Quando os grupos de poder aparelham o Estado e impõem o seu interesse ao funcionamento estatal, a supremacia do interesse público é quebrada. Ele passa a estar disponível para ser usado para fins particulares, para estes grupos de poder, que naturalmente (pela lógica do poder) tem dois grandes objetivos:
  1. Aumentar o seu poder
  2. Manter-se no poder
Para aumentar o poder, na lógica de funcionamento atual, é preciso extrair valor do Estado, direcionando para os grupos de poder, porque na lógica atual o dinheiro aplicado na campanha é que realiza os dois grandes objetivos. Quanto mais capacidade de mando, de legislação e de julgamento, mais poder se tem. Então a lógica do aparelhamento começa a dominar. O resultado, após décadas, não pode ser diferente: os três poderes do Estado já estão tão desconectados do interesse público que este não se sente representado de forma alguma, na maioria dos aspectos. E este é o ponto em que estamos.

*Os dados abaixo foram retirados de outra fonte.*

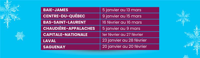 LES DATES DU DÉFI VARIENT D’UNE RÉGION À L’AUTRE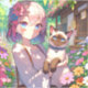 A pretty blue eyed anime girl holding a pretty blue eyed Siamese cat surrounded by flowers.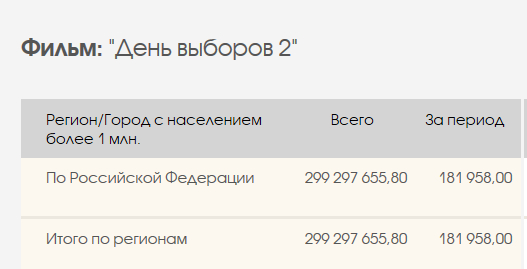 Да здрассте приехали. Это вполне известные данные на соответствующих ресурсах. Также как и во всем мире, кстати. В Штатах посмотреть реальные цифры проката - раз плюнуть. Поэтому, кстати, Саша (и остальные такие же "режиссеры") круто палится, когда заливает о том, что в Штатах его говнецо кто-то смотрит. Это проверить - дело двух секунд.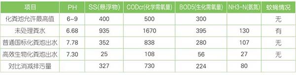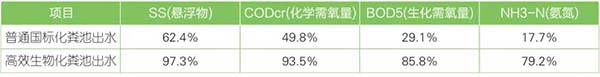 三由玻璃鋼生物化糞池與普通國標(biāo)化糞池的污染去除率對比表(單位mg/L)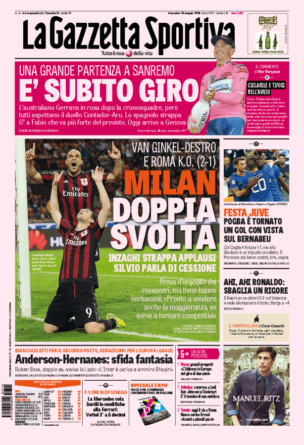 Milan, doppia svolta. Inzaghi strappa applausi, Silvio parla di cessione. Van Ginkel e Destro, Roma Ko (2-1). Prova d’orgoglio dei rossoneri, ma tiene banco Berlusconi: “Pronto a vendere anche la maggioranza se serve a tornare competitivi”.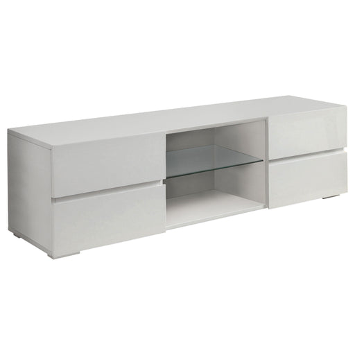 CoasterElevate your entertainment realm with our sleek, modern TV stand. With a pristine glossy white finish and clear glass accents, it exudes elegance. ...

A "crise de falta de legitimidade" que passamos nada mais é do que a constatação de um longo processo, de décadas de aparelhamento do Estado por grupos de poder.

Brevemente, o que são estes grupos de poder? São famílias, empresas, sindicatos, bancos, grupos religiosos. Tudo que você já sabe.

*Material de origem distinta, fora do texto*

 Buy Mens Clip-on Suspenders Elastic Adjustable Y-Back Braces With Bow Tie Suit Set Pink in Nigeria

Estamos em condições de tirar a conclusão mais importante do texto: a ideia de interesse público não consegue conviver com a lógica tradicional do poder. Após a invenção da república, a lógica tradicional do poder (aquela de Maquiavel, de Sun Tzu) perdeu o seu sentido, pelo menos na teoria. Porque o Estado, como coisa pública, deve sempre obedecer ao interesse público, independente de quem exerce o poder. Então a nova lógica do poder deveria ser dirigida para o exercício do poder e não para apropriação do poder. Em outras palavras, a apropriação do poder é inalcançável, sendo que o máximo que os grupos podem é brigar pela sua manutenção no exercício do poder. Dito isto, é fácil concluir que o determinante para tal fim seria o bom alcance do interesse público. Esta seria a nova fonte de permanência no exercício de poder.

Este deve ser o novo paradigma se quisermos de fato alinhar Governo e Estado, novamente. Toda prática de governo descasada desta lógica tende a se afastar da representatividade. Tende a perder legitimidade até a beira do caos, e viver de reforma em reforma, como o Brasil.